I can imagine them now. "Hey, how about this one? We'll give them cooking spoons, but they'll be plastic, so that they bend when you try to actually stir anything! That will really drive those ladies crazy!" Someone else chimes in, "I know! Why don't we give them bread pans - because of course the first thing any good housewife wants to do after three days of traveling is make banana bread with the outrageously expensive local bananas - but no cookie sheets. Won't that be just the funniest?" A third one interjects, "I've got a better idea! For large families, we should give them doubles of everything that they don't need - two silverware trays, two corkscrews, two sets of pots, two sets of worthless knives, two sets of mugs, but only four bowls! That way when the housewife is exhausted from traveling and can't think of anything else for dinner everyone will have to take turns using the bowls to eat cereal!" They all dissolve into maniacal laughter as the scene fades out.

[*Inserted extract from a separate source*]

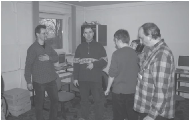
Grupa zawodników przed rozgrywkami finałowymi.

Tym razem mam zamiar podzielić się z Państwem moją skrzętnie dotąd ukrywaną pasją. Otóż od wielu lat jestem miłośnikiem starych, kultowych gier strategicznych. Do niedawna grałem jedynie z komputerem, dopóki nie znaleźli mnie w wirtualnej przestrzeni internetu inni, podobni fanatycy. Okazało się wówczas, że wstydlive upodobanie (w co on gra, w jakieś bitwy i wojny, stary byk?!) może być prawdziwie przyjemną zabawą, gdy włączą się do niej inni. Ku memu zaskoczeniu w Polsce funkcjonuje całkiem pokaźna grupa zawodników, zorganizowana w lidze i rozgrywająca mistrzostwa Polski. I, i dziwo, w Panzer General I i II, bo o tej grze m.in. mowa, grają dojrzały ludzie, często biznesmeni, nauczyciele, studenci, informatycy. Małoletni zawodnicy są tu rzadkością. Debiutując w mistrzostwach doszedłem do 1/8 finału i musiałem uznać wyższość dużo lepszych ode mnie strategów z Warszawy, Torunia, Lublina. Miałem za to prawdziwą przyjemność brać udział w zjeździe miłośników gry, który odbył się w Borach Tucholskich w malowniczej miejscowości Lipinki.

The children were all sleeping, so I spent an hour or so wandering around the house, zombie like. Then I checked on the washing machine and tried starting it again, hoping that E17 was just a random glitch. I thought about I thought about unpacking and decided to read a book instead. The children woke up and I fed them breakfast. I started unpacking and stopped. I read some more of my book. We all ate lunch (lentil soup - it hadn't been thrown away after all) and I took a nap. I got serious about making the children unpack. Brandon came home and we had dinner (not lentil soup).
He looked at the washing machine, and turned the water taps on. Because I suppose hooking the thing up isn't the same as having it ready to use. I started it, went upstairs to clean and ran downstairs to find the washing machine walking round the closet, at the end of its tether of cords and hoses. I balanced the washer (evidently that's not part of the installation either) and started up the washer again. Right about 1000 RPM, the walking started again. I sat on it. We walked together. I turned it down to 800 RPMs and then 600 and finally 400 before the machine stayed put. By then the clothes were clean (very clean) so I put them in the dryer. Two hours and forty minutes until they would be dry. So we went to bed.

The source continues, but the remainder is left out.